Required action: Nothing in the data may be altered; the answer is a verbatim copy of it.

Input data:
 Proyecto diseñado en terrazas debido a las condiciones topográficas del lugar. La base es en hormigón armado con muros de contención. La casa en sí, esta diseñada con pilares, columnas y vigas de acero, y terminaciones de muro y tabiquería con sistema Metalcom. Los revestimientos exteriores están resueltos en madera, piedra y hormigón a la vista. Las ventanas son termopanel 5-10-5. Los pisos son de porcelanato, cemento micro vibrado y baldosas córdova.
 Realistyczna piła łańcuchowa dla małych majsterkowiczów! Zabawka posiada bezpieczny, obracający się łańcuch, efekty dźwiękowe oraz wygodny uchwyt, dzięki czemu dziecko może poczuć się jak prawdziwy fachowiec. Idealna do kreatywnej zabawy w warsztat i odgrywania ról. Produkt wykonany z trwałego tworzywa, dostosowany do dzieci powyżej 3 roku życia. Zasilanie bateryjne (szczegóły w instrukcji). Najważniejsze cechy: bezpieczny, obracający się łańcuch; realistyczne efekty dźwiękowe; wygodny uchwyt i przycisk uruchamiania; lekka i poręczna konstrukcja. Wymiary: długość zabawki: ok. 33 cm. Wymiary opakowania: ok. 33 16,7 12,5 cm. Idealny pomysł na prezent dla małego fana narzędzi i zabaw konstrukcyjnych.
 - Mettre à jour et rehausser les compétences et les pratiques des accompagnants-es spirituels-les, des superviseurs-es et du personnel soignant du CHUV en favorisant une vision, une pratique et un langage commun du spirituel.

Response to this exercise:
 Proyecto diseñado en terrazas debido a las condiciones topográficas del lugar. La base es en hormigón armado con muros de contención. La casa en sí, esta diseñada con pilares, columnas y vigas de acero, y terminaciones de muro y tabiquería con sistema Metalcom. Los revestimientos exteriores están resueltos en madera, piedra y hormigón a la vista. Las ventanas son termopanel 5-10-5. Los pisos son de porcelanato, cemento micro vibrado y baldosas córdova.
 Realistyczna piła łańcuchowa dla małych majsterkowiczów! Zabawka posiada bezpieczny, obracający się łańcuch, efekty dźwiękowe oraz wygodny uchwyt, dzięki czemu dziecko może poczuć się jak prawdziwy fachowiec. Idealna do kreatywnej zabawy w warsztat i odgrywania ról. Produkt wykonany z trwałego tworzywa, dostosowany do dzieci powyżej 3 roku życia. Zasilanie bateryjne (szczegóły w instrukcji). Najważniejsze cechy: bezpieczny, obracający się łańcuch; realistyczne efekty dźwiękowe; wygodny uchwyt i przycisk uruchamiania; lekka i poręczna konstrukcja. Wymiary: długość zabawki: ok. 33 cm. Wymiary opakowania: ok. 33 16,7 12,5 cm. Idealny pomysł na prezent dla małego fana narzędzi i zabaw konstrukcyjnych.
 - Mettre à jour et rehausser les compétences et les pratiques des accompagnants-es spirituels-les, des superviseurs-es et du personnel soignant du CHUV en favorisant une vision, une pratique et un langage commun du spirituel.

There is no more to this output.